Fun fact: Maryland is the only state where Medicare makes payments to acute-care hospitals at a rate other than the normal Medicare rate.

From Maggie’s post:

In Maryland, hospital prices have been regulated since 1977. An independent agency sets rates for all patients, including Medicare beneficiaries, at Maryland’s acute-care hospitals.

Adjustments are made for hospitals located in cities where the cost of labor is higher, as well as for hospitals that care for sicker patients and/or train medical students. http://online.wsj.com/article/SB125288688445707403.html

Private insurers, Medicare and Medicaid all must pay the prices set by the commission. Medicaid cannot underpay hospitals—and private insurers cannot over pay, or negotiate side deals and discounts with certain hospitals while paying others a premium for their brand name. Hospitals also cannot charge uninsured patients more.

In 1976, before regulation began, Maryland hospital costs were paid 25% more per case than the national average. By 2007 Maryland's costs were 2% less than the national average. And , according to a recent article in the Wall Street Journal Maryland’s hospitals are seeing small, but predictable profit margins. http://online.wsj.com/article/SB125288688445707403.html

Go figure, a standard rate for a procedure regardless of who pays the claim. This simplicity and transparency is refreshing. Yes, “price controls” are counter-intuitive to basic economic sense but as we have stated before, health care is not a well functioning market. Some hospitals in Maryland do not like the system because they feel it constrains their growth but all-in-all, the model works and has been in place for over 30 years. Let providers and insurers focus less on price negotiations and more on quality of care. That said, the only thing I would add to the Maryland model would be incentives for quality and the achievement of local public health objectives.

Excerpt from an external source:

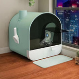 جعبه خاک گربه ضد پاشش از نوع کشو یی ، کاملاً محصور با دستگاه تصفیه بو و بو زدایی، ، جعبه بستر بزرگ، ضد بو و پاشش (سبز)
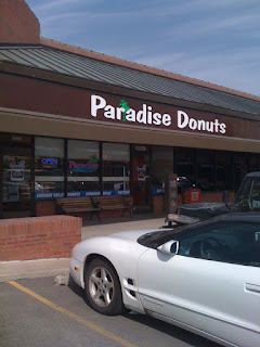 I had never been to a Paradise Donuts outside of Tulsa.  In Tulsa, there seems to be a Paradise on every other corner, almost like Dunkin’ Donuts in Boston and Chicago.  But in all of the ones I visited in Tulsa two years ago, it was obvious that each location was it’s own unique and locally-owned small business.  I went to one not far from the zoo in Tulsa and was greeted by both a husband and a wife, two smiling little faces both sticking out of the drive-thru window to tell me all they had left for the day was donut holes.  A bit odd, but cute and the donut holes were delicious!

Maybe the various states dealing with serious budget shortfalls or access issues should give the Maryland model some consideration. The model may cause some shrinkage in hospital growth (i.e. jobs) but the price stability and improved business climate will lead to expansion of the other parts of the economy. ~BAA

3 comments:

Anonymous said...

Excellent post. I particularly appreciate the last line, "price stability and improved business climate will lead to expansion of the other parts of the economy." I think we sometimes loose sight of the fact that health care reform is about more than just health care.

I am a big believer in free markets, however even I must agree that in many ways health care does not act as a free market. Broken down to its barest level, a free market essentially requires three prerequisites. 1) Perfect information about a transaction 2) The lack of coercion and fraud, and 3) Enforceable contracts. The complexity of health care already immediately fails in the first point with an unequal knowledge gap between providers and patients. However, to add on the implicit "coercion" that accompanies monopoly or near-monopoly powers is more than enough to make a free market irrelevant.

Thanks again for the great post Brady, looking forward to future blogs.

Brady Augustine said...

Thank you for the insightful comment. In my post, I talked about the quasi-monopolies created by the continued consolidation of the health care industry but your point on asymmetric information is a very important and the psychology of these "credence" goods are described well at: http://en.wikipedia.org/wiki/Credence_good

There is also two good working papers on the topic that were covered by the Economist magazine last year:
http://papers.ssrn.com/sol3/papers.cfm?abstract_id=1359217 and http://papers.ssrn.com/sol3/papers.cfm?abstract_id=870788.

Ed H said...

I agree we need health care reform but not because the insurance carriers have a monopoly. If that is the case, why do so many pull out?